Around 3,600 couples have wed since the first legal gay weddings were held a week after the law was enacted last year.

On Sunday, gay couples posted notes, photos and airline ticket stubs on "Lennon Walls" set up near President Tsai Ing-wen's office in Taipei to appeal for more inclusiveness.

"I hope President Tsai's government can amend the law as soon as possible," Cho said.

Tsai won a landslide victory in January when her party also retained a majority in parliament.

Her presidency is popular among Taiwan's youth who are more supportive of her reform agenda.

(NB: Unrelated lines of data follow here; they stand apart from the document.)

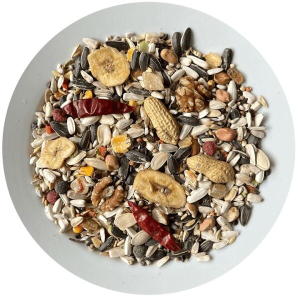 100% természetes teljes értékű takarmány nagytestű papagájok számára, prémium takarmánykeverék. Avicentra Deluxe egy válogatott magvakból álló, vitaminokkal dúsított prémium keverék nagytestű papagájok napi etetésére az egészség és a jó kondíció biztosítása érdekében. Összetevők : fehér napraforgó, sáfrányfesték, nagy napraforgó, hajdina, banán, hántolt
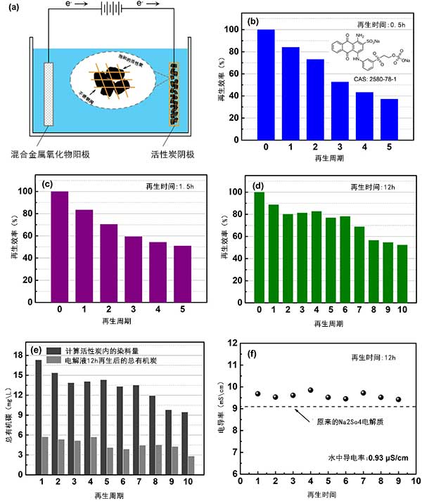 裝載RB19的活性炭在不同時間(例如,0.5小時,1.5小時和12小時)再生。還進(jìn)行了連續(xù)吸附-再生循環(huán)。如在介紹圖1的B-d,再生效率(RE)高達(dá)84.1%,83.4%,和88.7%的下分別為0.5小時,1.5小時,和12個小時,再生時間來實現(xiàn),這表明(該方法的有效性圖1a顯示了方法的示意圖)。然而,在5次吸附-再生循環(huán)后,0.5小時的再生時間導(dǎo)致<50%RE,而1.5小時的再生時間略高于50%RE。最重要的是,12小時的再生時間顯著改善了循環(huán)性能;馗布词乖10個循環(huán)后仍可達(dá)到52.3%(圖1d)。這些結(jié)果與上電化學(xué)方法等的研究,其表明相一致,即較長的再生時間導(dǎo)致較高的RE。表明該方法可以回收一些活性炭的孔隙體積。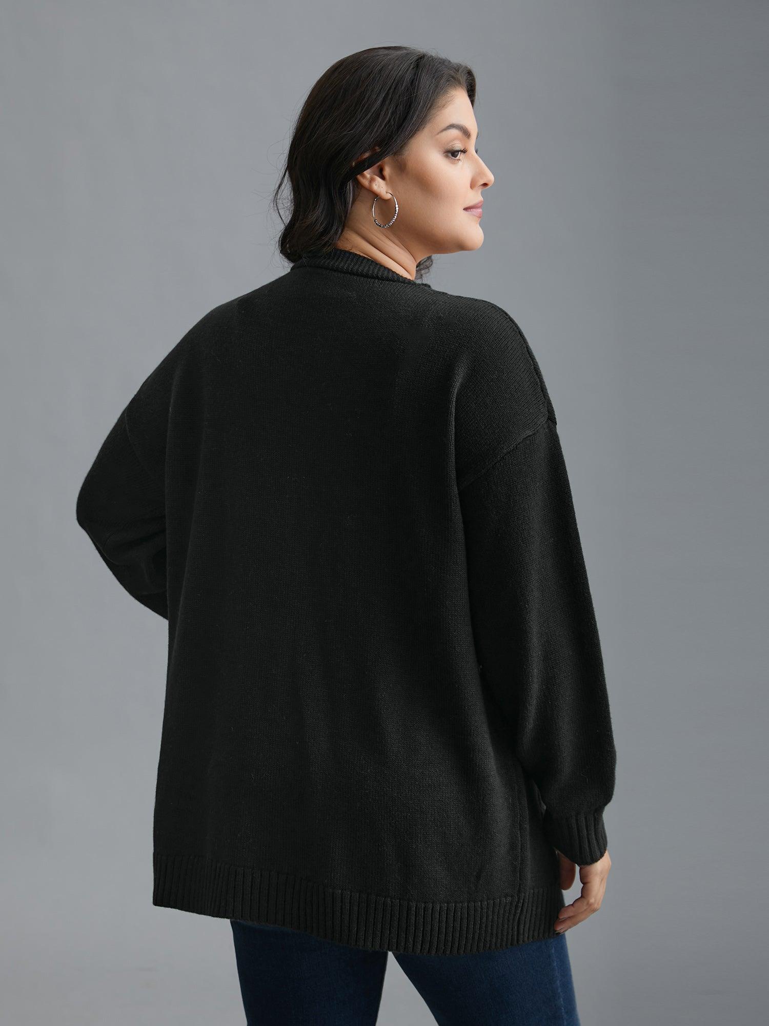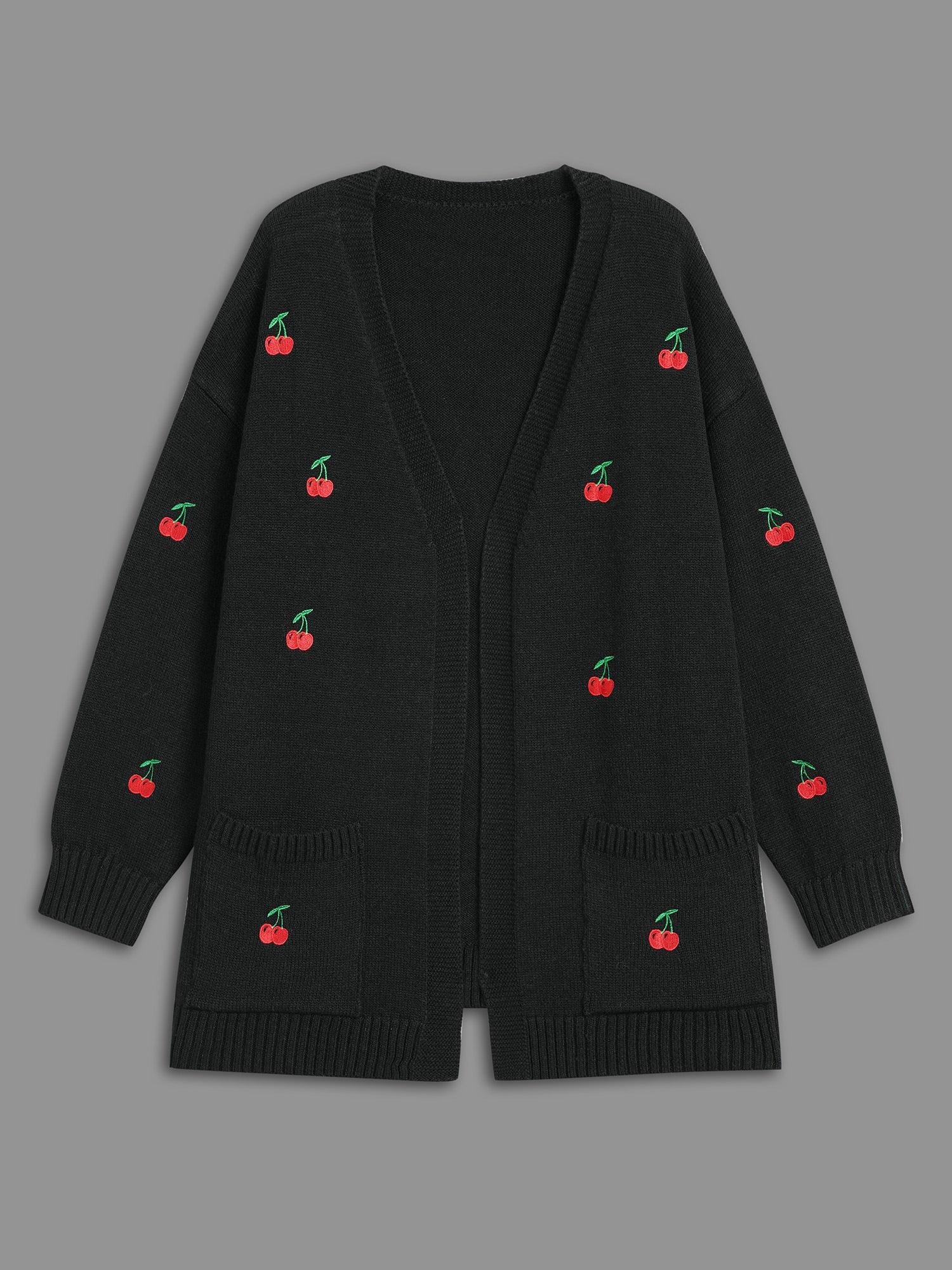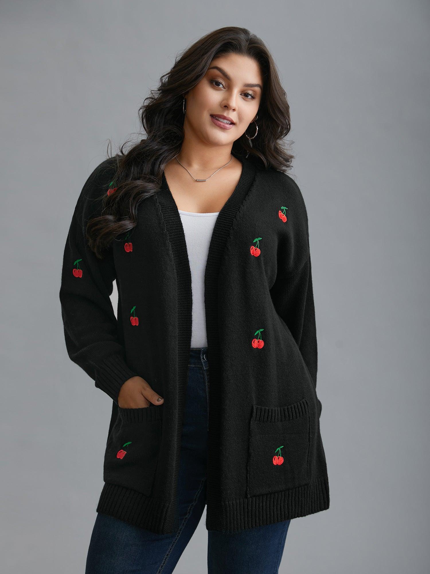 Shop Textured Cherry Embroidery Pocket Pullover now and redefine your style with confidence at BloomChic. Tailored for mid and plus-size women. This trendy Sweaters Cardigans Women, sizes 10-30. Season:Winter;Color:Black;Style:Casual;Neckline:Kimono collar;Sleeve Type:Drop shoulder sleeve;Prints:Fruit and vegetable print;Details:Texture, Embroidered;Pocket:Patch pocket;Belt:No-belt;Closure Type:Open front without closure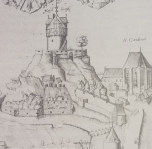 Hermann Billung baute in der Mitte des 10. Jahrhunderts auf dem Kalkberg eine Burg,<ref>Karl Kayser: ''Chronik des im Hannoverschen Amte Medingen belegenen Kirchspiels Wichmannsburg'', Meyer, Hannover (1878), Seite 16</ref> welche bis Februar 1371 stand. Von ihr aus wurde das Fürstentum Lüneburg-Braunschweig regiert. Im Rahmen des [[Lüneburger Erbfolgekrieg]]s wurde die landesherrliche Burg auf dem Kalkberg ebenso zerstört wie das nahe [[St. Michaelis|Benediktinerkloster St. Michael]], das daraufhin in die Stadt umzog. | [[Datei:Kalkberg historisch.jpg|mini|Kalkberg von Süden, Zeichung von Daniel Frese (ca. 1610)]] | ||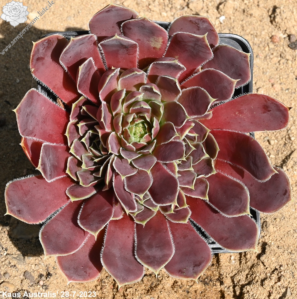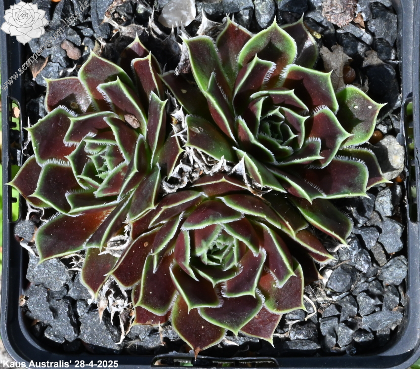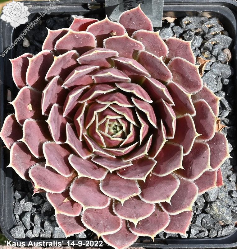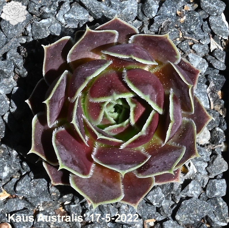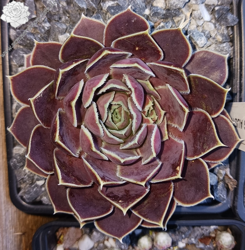 Rosetten bis 5 cm, Blätter breit keilförmig, kurz bespitzt, rotviolett - bordeauxviolett, Basis hellgrün, Blattränder hell, bewimpert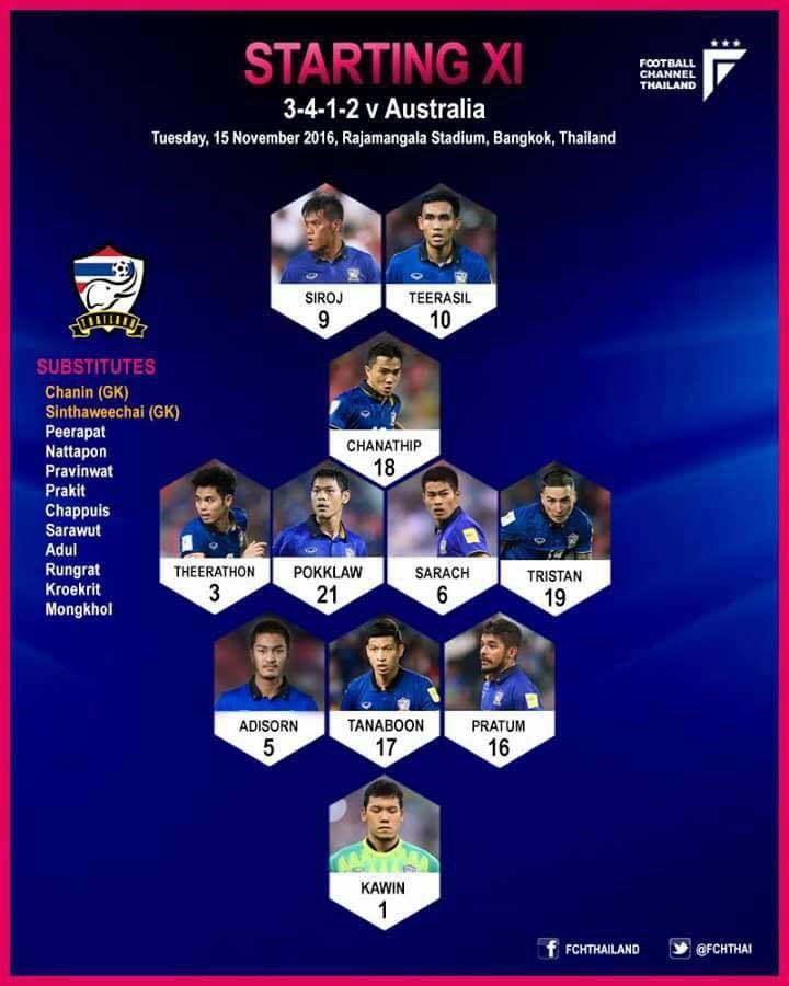 HLV Kiatisuk đã bất ngờ sử dụng sơ đồ 3-4-2-1 trong trận đấu gặp Australia và dĩ nhiên, mục đích chính là việc gia tăng quân số ở khu trung tuyến và Thái Lan muốn hạn chế các khoảng trống ở trung lộ. Ở trong sơ đồ này vai trò của cặp tiền vệ trung tâm Pokklaw Anan và Sarach Yooyen cũng như là 2 người chạy cánh Theerathon Bunmathan và Tristan Đỗ là rất quan trọng. Nếu như bộ đôi Anan và Yooyen vừa có trách nhiệm phải che chắn cho hàng phòng ngự cũng như là làm cầu nối giữa hàng thủ và hàng công. Còn Theerathon và Tristan phải lên công về thủ nhịp nhàng và họ cũng có nhiệm vụ đảm bảo cánh không bị hở cũng như là giúp dội nhà có đủ quân số khi phòng ngự.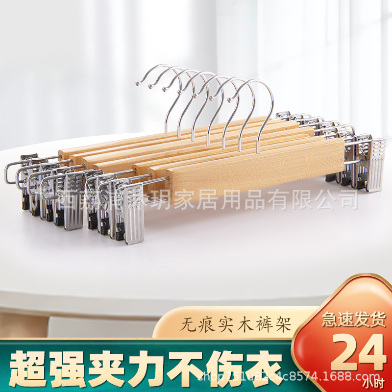단단한 나무 바지 랙 로그 색상 성인 의류 매장 바지 클립 교수형 원활한 미끄럼 방지 도매 어린이 가정용 스테인레스 스틸 클립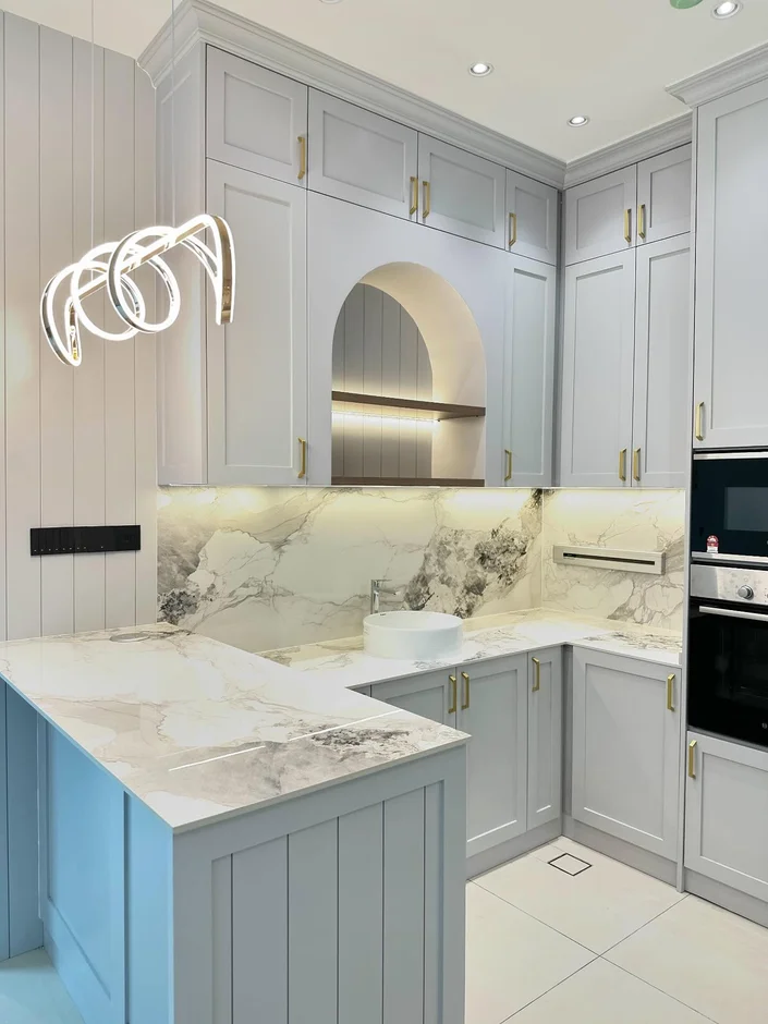 Built a decorative arched niche with built-in lighting, designed to serve as a functional display area while adding architectural charm to the cabinetry layout. -

Rights groups estimated at least 1,000 international same-sex couples are waiting for their unions to be recognised in Taiwan.

"There is no legal protection for us if we can't get married," said Malaysian Tan Bee Guat, 39, who has been staying in Taiwan on a student visa to be with her partner.

"I can't be a student forever."

Taiwan is home to a thriving LGBT community and its capital, Taipei, is due to host Asia's Gay Games next year.

Last year a record 200,000 people attended a pride march in Taipei to celebrate the legalisation of same-sex marriages.

"Marriage equality should not be restricted due to nationalities," said Chien Chih-chieh, secretary-general of Taiwan Alliance to Promote Civil Partnership Rights.

"We hope the government can make it complete soon."